Ollama + LiteLLM

Overview

Skyvern can use local models via Ollama or any OpenAI-compatible endpoint (e.g., LiteLLM). Two paths:

  • (A) Direct Ollama — use the Ollama API (/v1/chat/completions)
  • (B) OpenAI-compatible (LiteLLM) — Skyvern connects to a proxy that exposes an OpenAI-style API

A) Direct Ollama

1) Start Ollama locally

Install Ollama and run a model (example: llama3.1):

$ollama pull llama3.1
>ollama serve

The API is usually at http://localhost:11434.

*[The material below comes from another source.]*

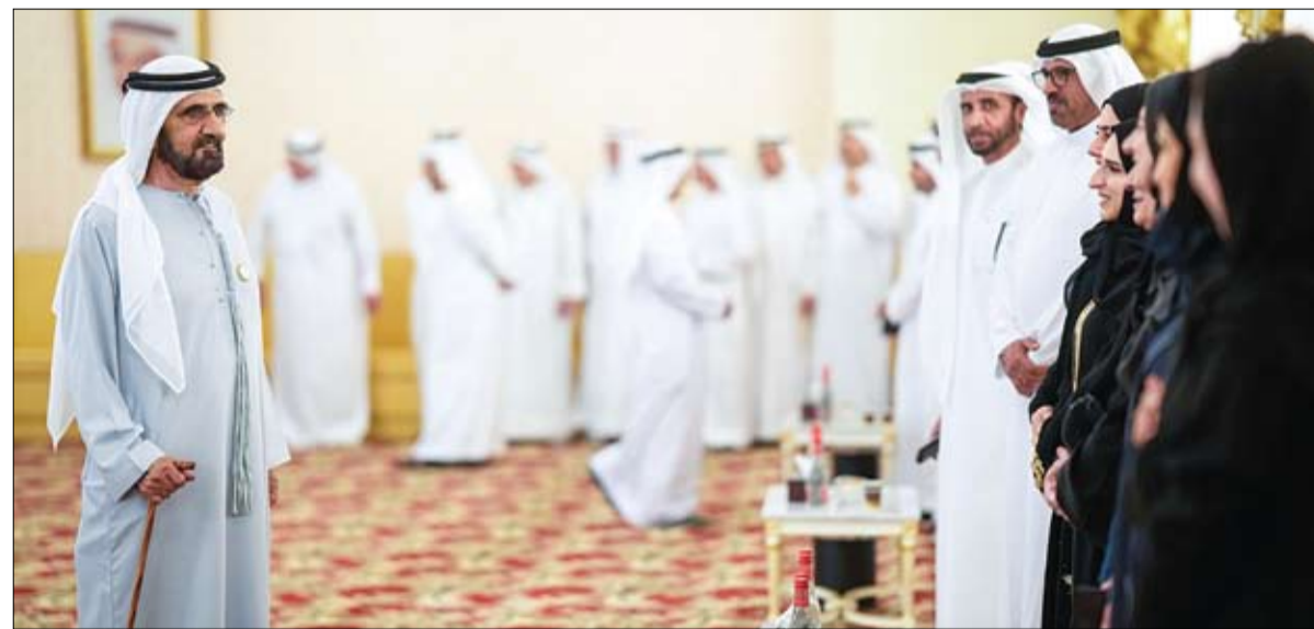
بقوله: مسيرتنا تتقدم بخطى سريعة في شتى مجالات التنمية،

وقال سموه: مضافة الجهود ضرورية لإعداد صفوف جديدة

2) Configure Skyvern (ENV)

Add to your .env:

$# Enable Ollama integration
>ENABLE_OLLAMA=true
>
># Ollama server URL
>OLLAMA_SERVER_URL=http://localhost:11434
>
># Model name in Ollama (check with `ollama list`)
>OLLAMA_MODEL=llama3.1

Note: Ollama may not support max_completion_tokens — Skyvern handles this internally.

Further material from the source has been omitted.